• Quale futuro per i corpi digitali?

    Corpi reali e corpi digitali: ogni giorno diventiamo a nostra insaputa merce sfruttabile senza limiti di forma e di tempo, rivendibili, capaci di sopravvivere alla nostra stessa morte. È la rivoluzione epocale del web che Luca Poma ci ha raccontato a partire dal suo nuovo libro “Il sex appeal dei corpi digitali”, edito da FrancoAngeli per la collana Neo.

    10/11/2016 | Interviste | Commenti (0)

    di Redazione



Cosa sono i corpi digitali e dove finisce la capacità di controllo che abbiamo del nostro corpo digitale?
Come scrive la giornalista RAI Silvia Rosa-Brusin nell’introduzione al libro, l’età digitale sta diffondendo una “malattia” di proporzioni bibliche, alla quale nessuno sembra poter sfuggire. Basta accendere un computer e intraprendere la più banale e innocente delle navigazioni: da quell’istante hai potenzialmente consegnato una parte di te stesso a un potere oscuro e a tratti smisurato che incomincia a impossessarsi di te, “tracciando” la tua personalità e incominciando a creare un simulacro che altri governeranno. E’ il “Corpo digitale”, un tuo doppione, attraverso il quale un potere che non conosci tenterà di usarti in ogni  modo. Ogni corpo reale che si avvale di mezzi di comunicazione digitale è già in fase di trasformazione in “Corpo digitale”: un nostro “io” in proprietà altrui, un’entità che non corrisponde semplicemente a noi stessi mentre navighiamo sul web, né alla sola traccia della nostra presenza sui Social Network e Digital Media.
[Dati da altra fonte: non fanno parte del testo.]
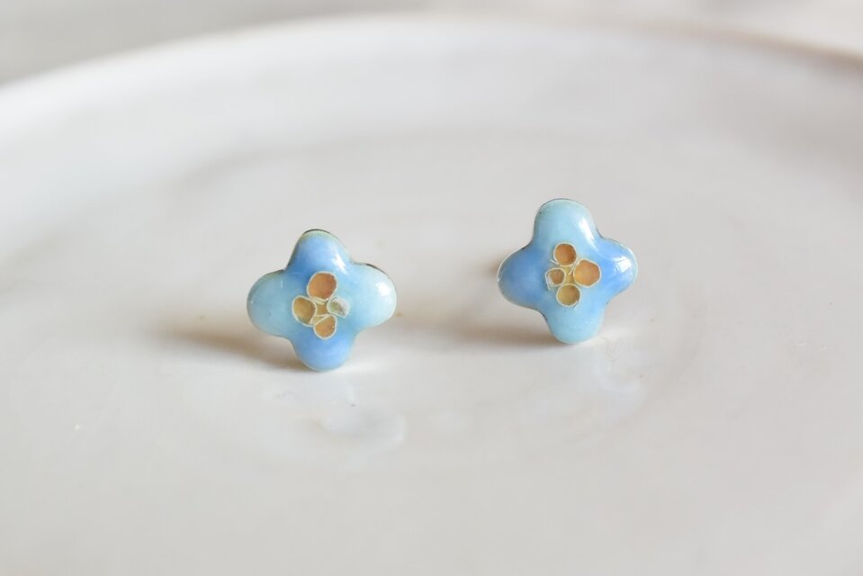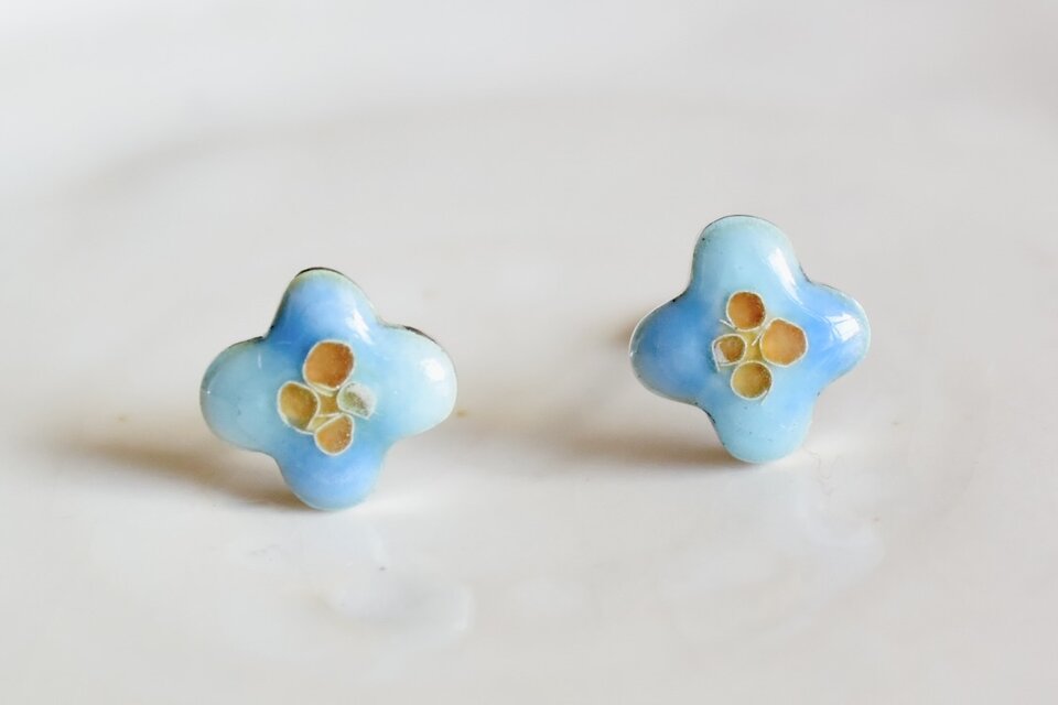 有線七宝の技法で仕立てた、小さなお花のピアスです。

Quando parliamo di “Corpo Digitale” intendiamo la rappresentazione più estesa possibile e la ricostruzione digitalizzata di tutte informazioni che produciamo nelle nostre interazioni digitali, di qualsiasi tipo, costantemente aggiornate e archiviate in una miriade di piattaforme e database diversi, che fanno “golosamente” e bulimicamente propri i dati che ci appartengono, ma soprattutto “disegnano” i confini di chi noi siamo”. Spiati dunque da occhi misteriosi ad ogni passo online, dall’acquisto di un DVD ad un’eventuale sbirciatina a un sito “hard”, dalla comunicazione d’affari alla prenotazione turistica, dalla notizia sanitaria alla confidenza professionale: tutto serve, anche l’inezia, al Demiurgo fabbricatore del nostro “io digitale”, per catalogarci in archivi di dimensioni inimmaginabili, capaci di stipare un doppione d’umanità. Nell’immane magazzino, il Corpo digitale diventa a nostra insaputa merce sfruttabile senza limiti di forma e di tempo, rivendibile, capace di sopravvivere alla nostra stessa morte, a meno che un limite non venga fissato da regole, peraltro di là da venire.
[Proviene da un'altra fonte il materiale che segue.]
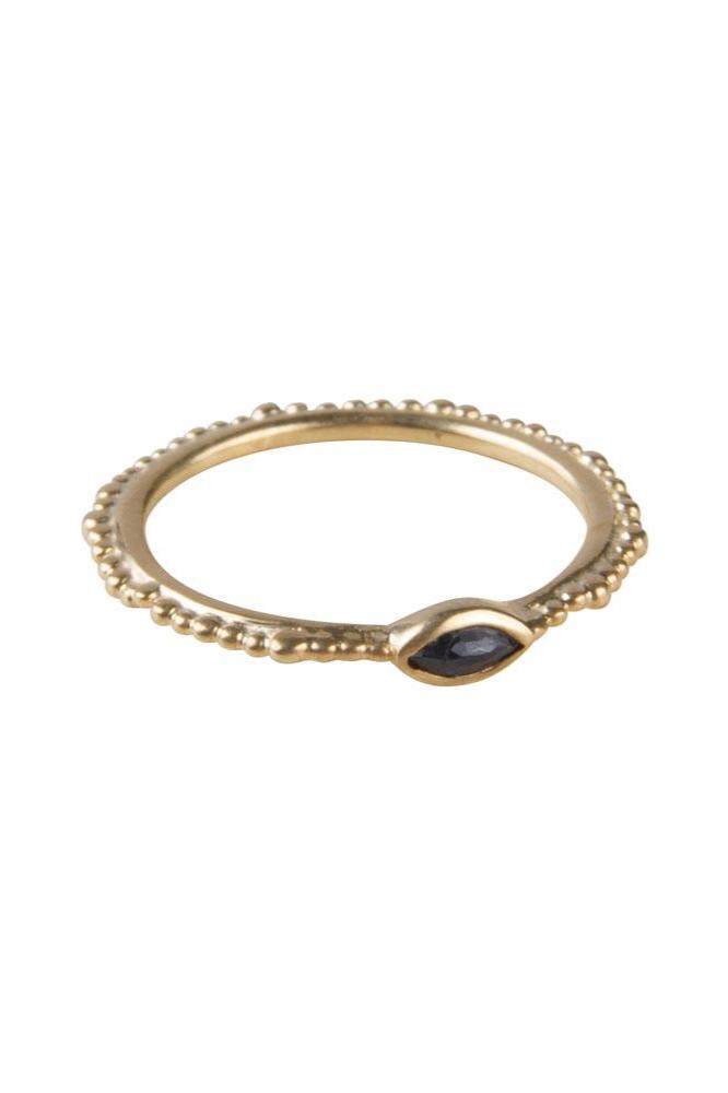 This stacker band features an elegant blue sapphire, the stone of mental activation that helps us to see our inner wisdom, set in sterling silver 24k Italian gold plate with uneven granules around the band.

Internet ha appena compiuto 25 anni e rappresenta una delle più grandi opportunità della nostra epoca. In che modo la Rete è diventata anche una “trappola”?
E’ nel contempo un’enorme opportunità, ma – è vero – anche una trappola, per gli effetti nefasti che può avere anche sulla nostra salute. Nel libro si affronta per la prima volta anche questo tema: l’influsso negativo che l’abuso del web – e segnatamente dei Social Network – può avere sull’equilibrio ormonale dell’individuo e financo sul suo patrimonio genetico, dal momento che l’eccesso di stress ambientale – e perché no, da Social – può danneggiare i filamenti di micro-RNA umano. Occorre quindi ritrovare equilibrio e consapevolezza nell’uso di questi potenti strumenti.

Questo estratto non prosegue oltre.